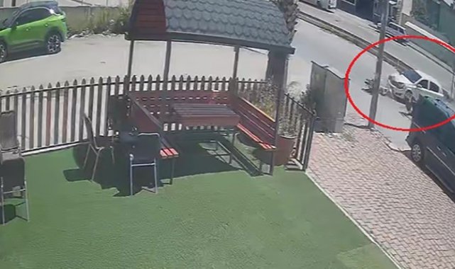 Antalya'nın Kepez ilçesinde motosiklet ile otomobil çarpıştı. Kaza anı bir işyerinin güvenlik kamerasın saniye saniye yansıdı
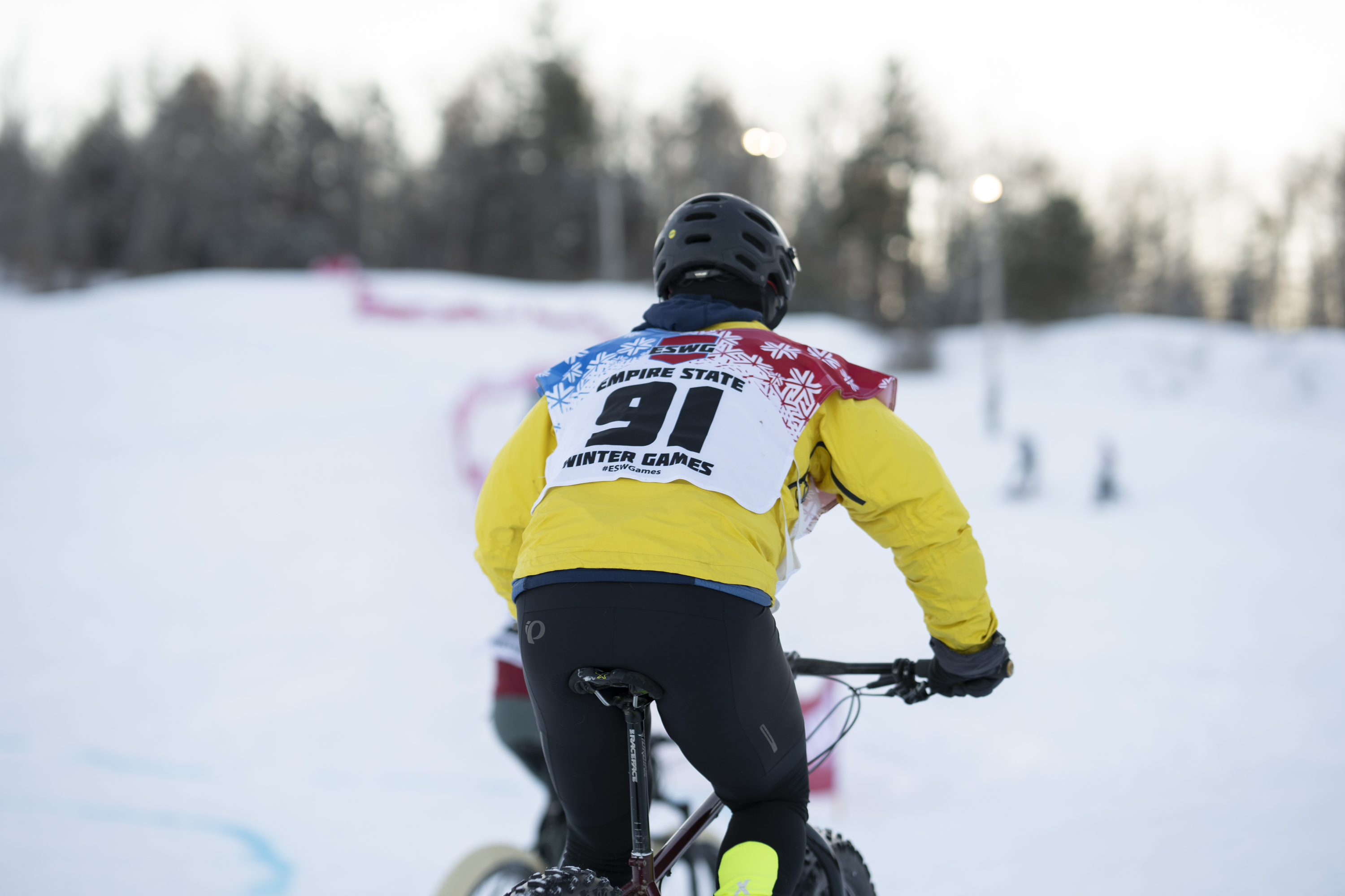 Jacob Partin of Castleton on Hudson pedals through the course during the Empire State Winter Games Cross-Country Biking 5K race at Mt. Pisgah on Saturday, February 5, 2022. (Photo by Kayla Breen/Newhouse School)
- - - - -
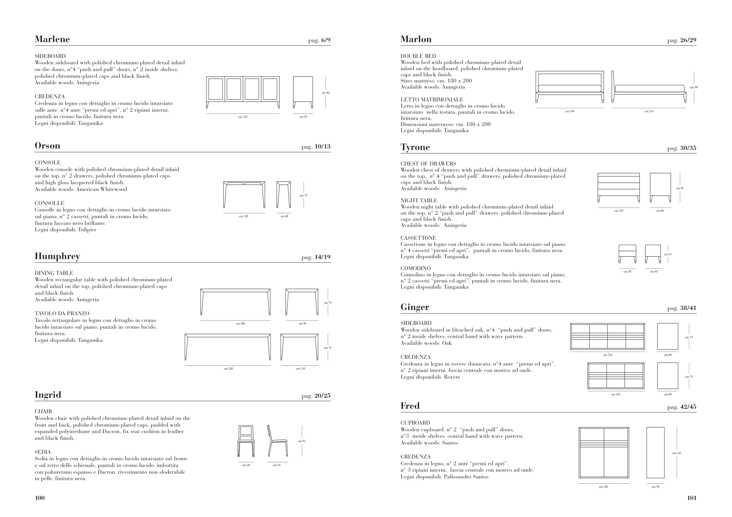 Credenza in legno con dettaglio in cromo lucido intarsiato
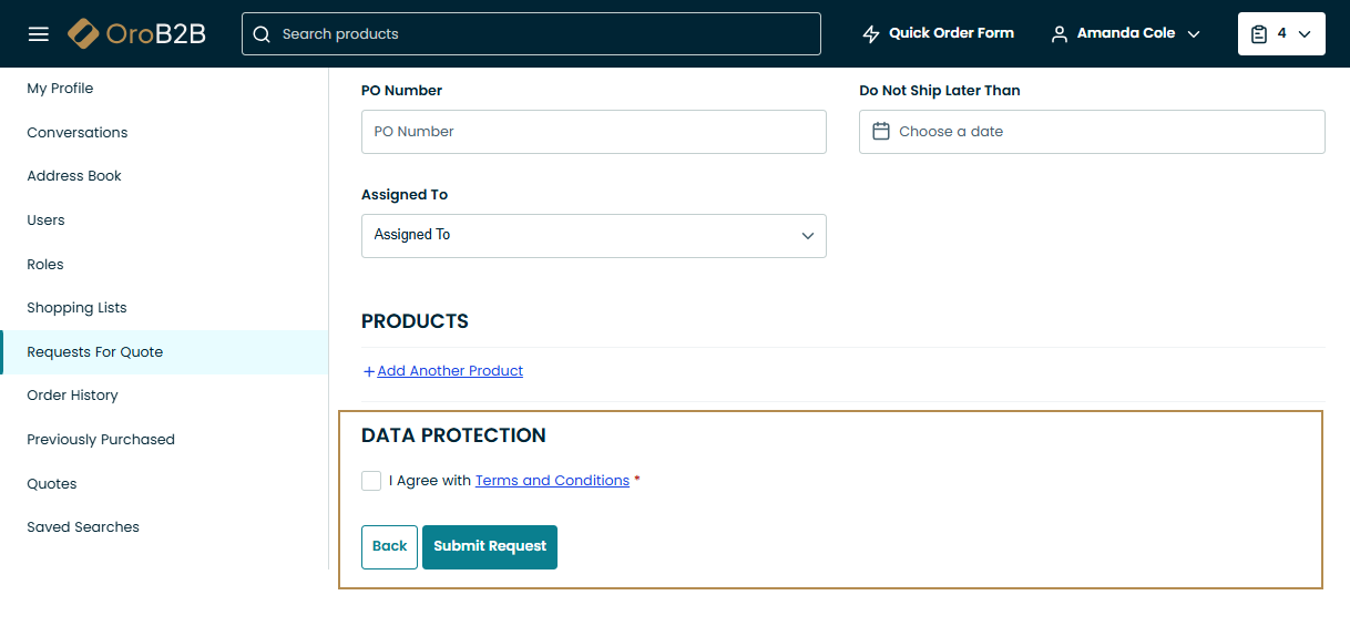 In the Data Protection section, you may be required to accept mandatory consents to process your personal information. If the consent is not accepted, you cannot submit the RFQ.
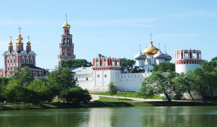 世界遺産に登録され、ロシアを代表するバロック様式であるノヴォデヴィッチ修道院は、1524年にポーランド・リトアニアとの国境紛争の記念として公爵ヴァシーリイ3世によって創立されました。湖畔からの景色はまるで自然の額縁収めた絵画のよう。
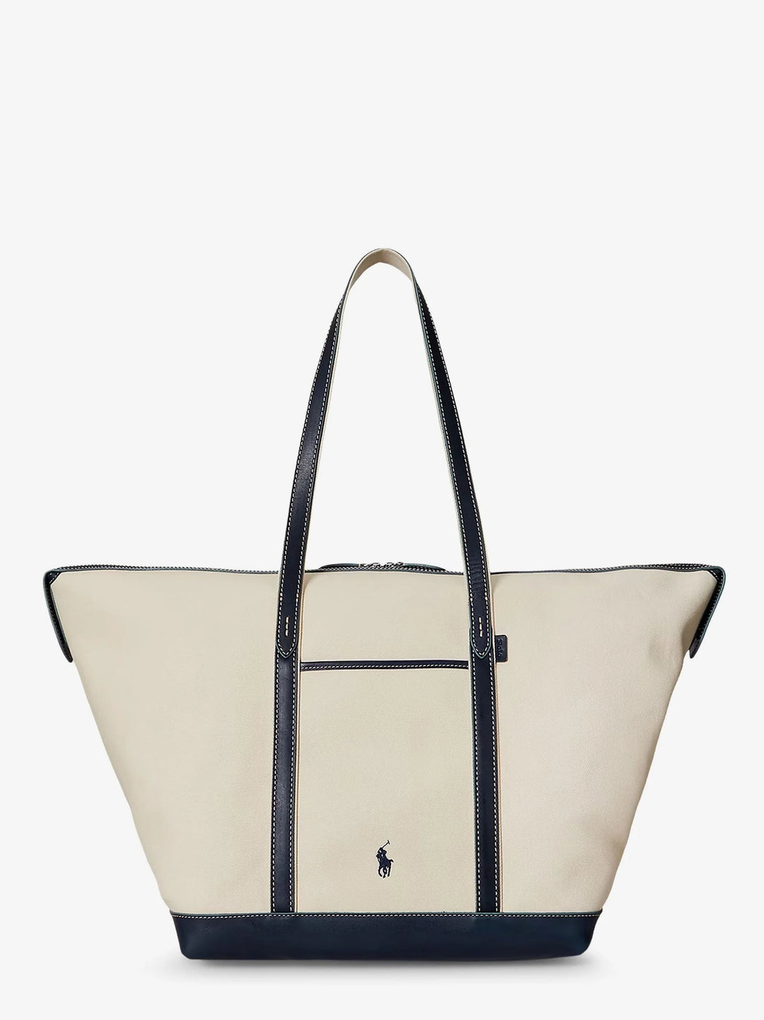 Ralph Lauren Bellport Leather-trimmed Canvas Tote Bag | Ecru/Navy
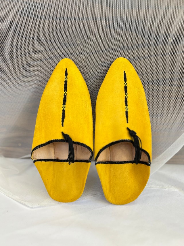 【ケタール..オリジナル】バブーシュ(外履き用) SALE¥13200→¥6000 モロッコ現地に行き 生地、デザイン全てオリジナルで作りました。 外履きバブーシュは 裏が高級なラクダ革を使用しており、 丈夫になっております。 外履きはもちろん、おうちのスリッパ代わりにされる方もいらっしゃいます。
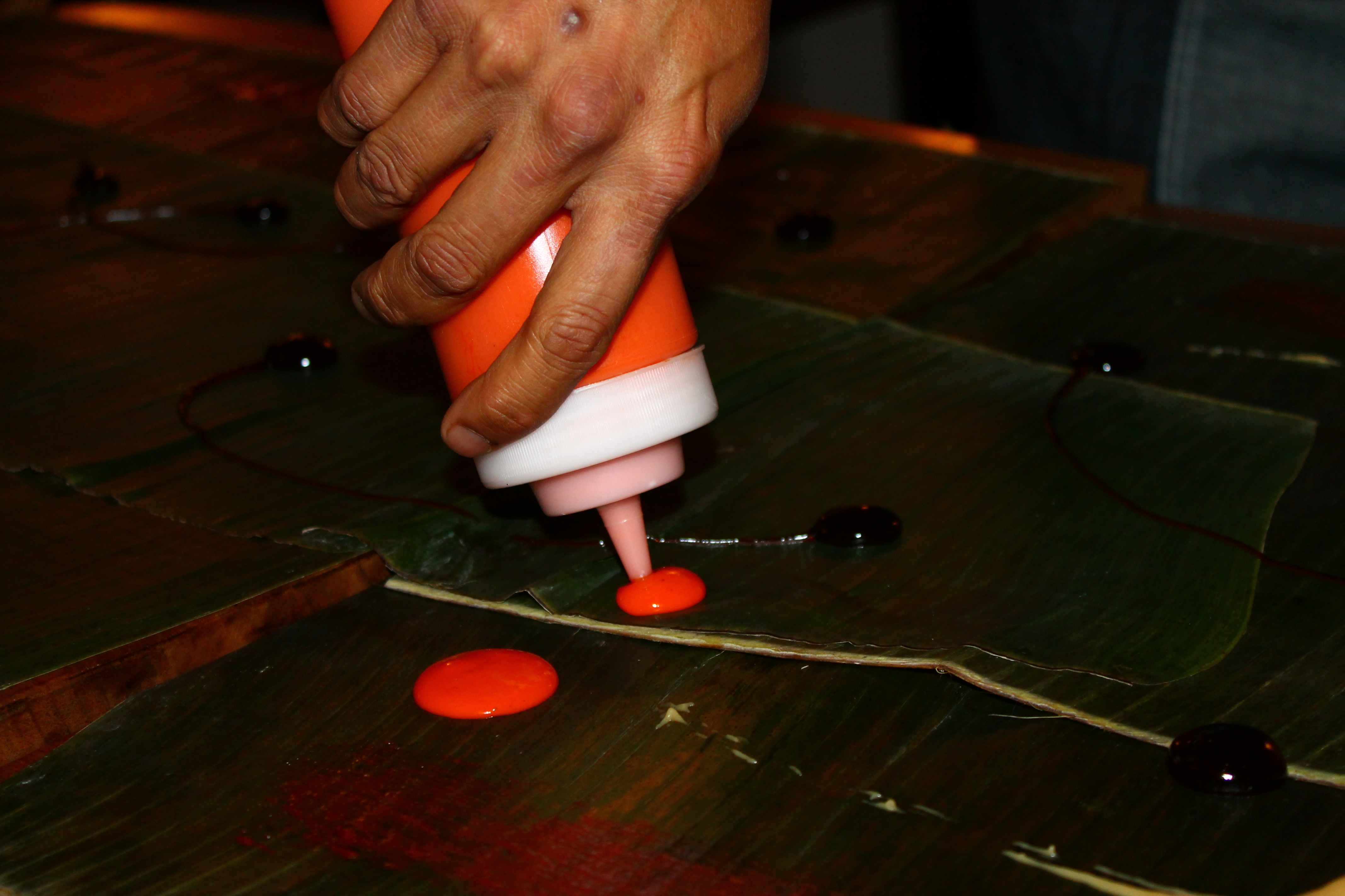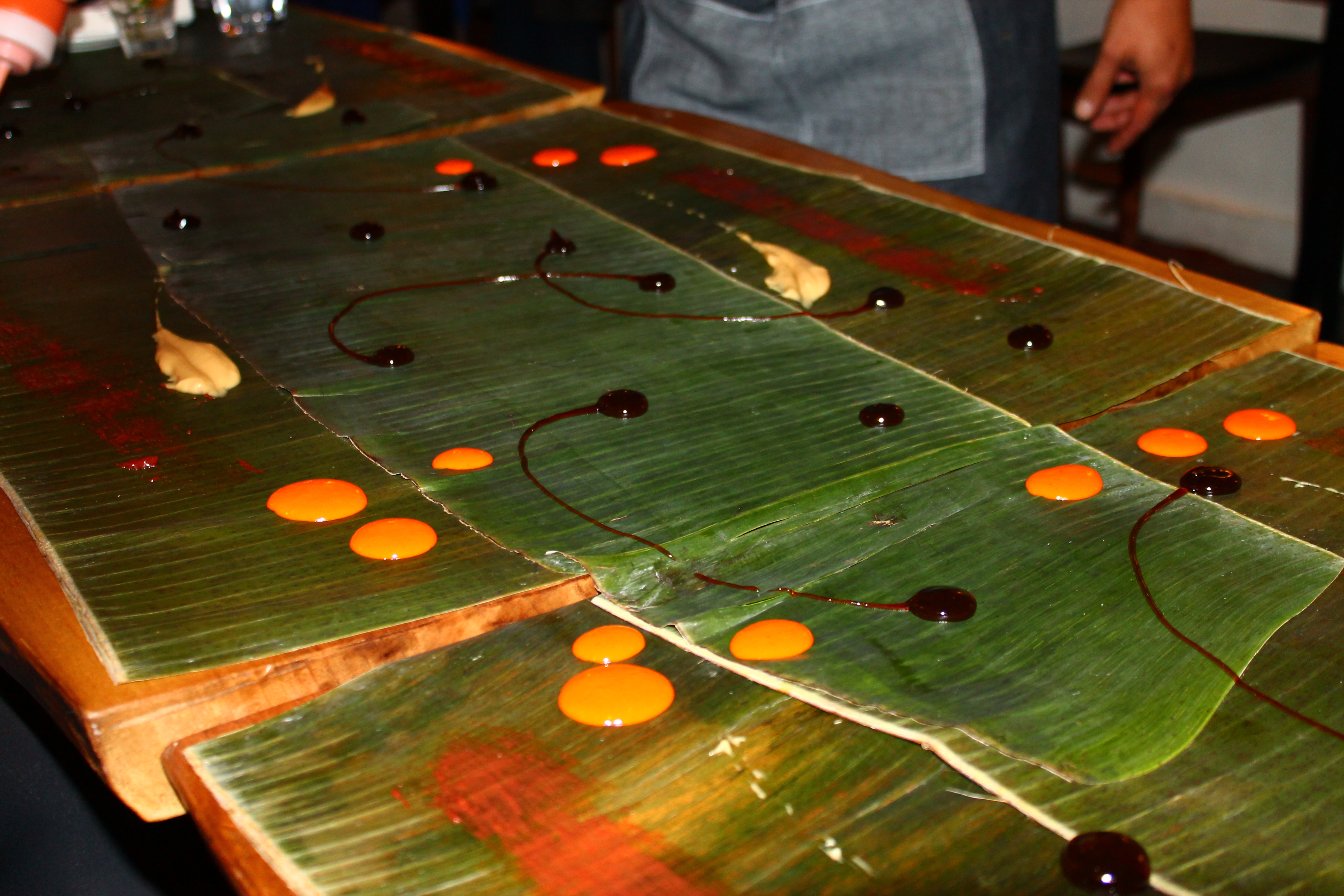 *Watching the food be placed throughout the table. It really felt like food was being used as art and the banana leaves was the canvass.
- - - - -
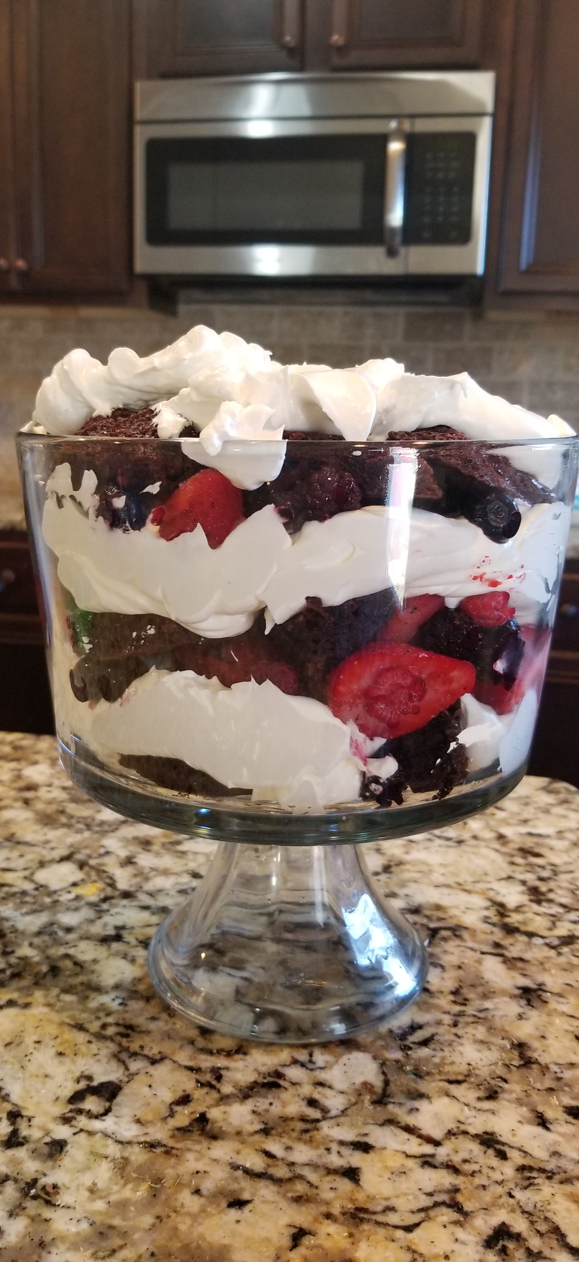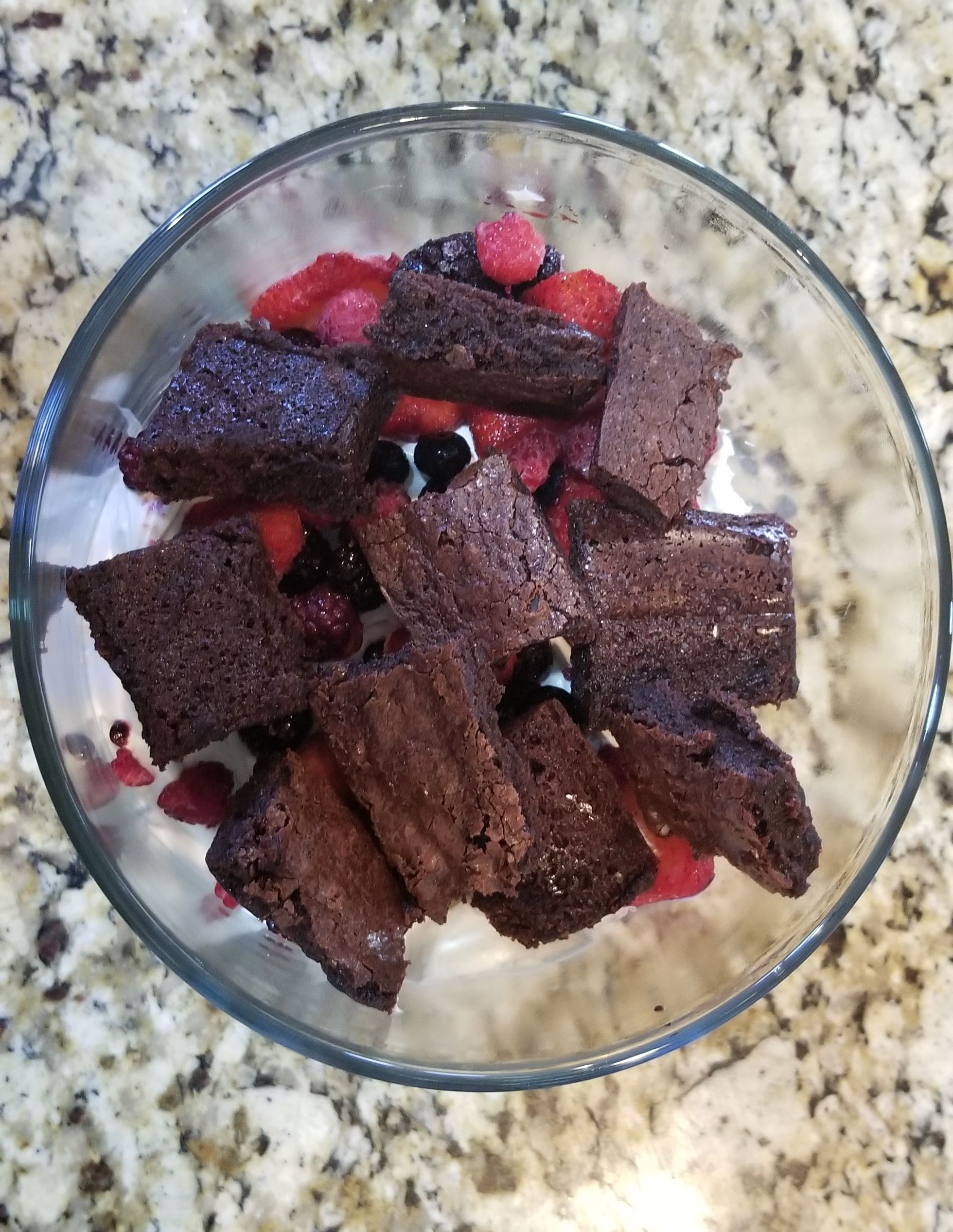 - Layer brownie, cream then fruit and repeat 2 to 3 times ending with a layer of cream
- - - - -
**Exercise goal**: Reproduce the data above exactly, but only from the line containing "Antalya'nın Kepez ilçesinde" through the line containing "Jacob Partin of"; skip the pictures.

**Written response**:
 Antalya'nın Kepez ilçesinde motosiklet ile otomobil çarpıştı. Kaza anı bir işyerinin güvenlik kamerasın saniye saniye yansıdı
 Jacob Partin of Castleton on Hudson pedals through the course during the Empire State Winter Games Cross-Country Biking 5K race at Mt. Pisgah on Saturday, February 5, 2022. (Photo by Kayla Breen/Newhouse School)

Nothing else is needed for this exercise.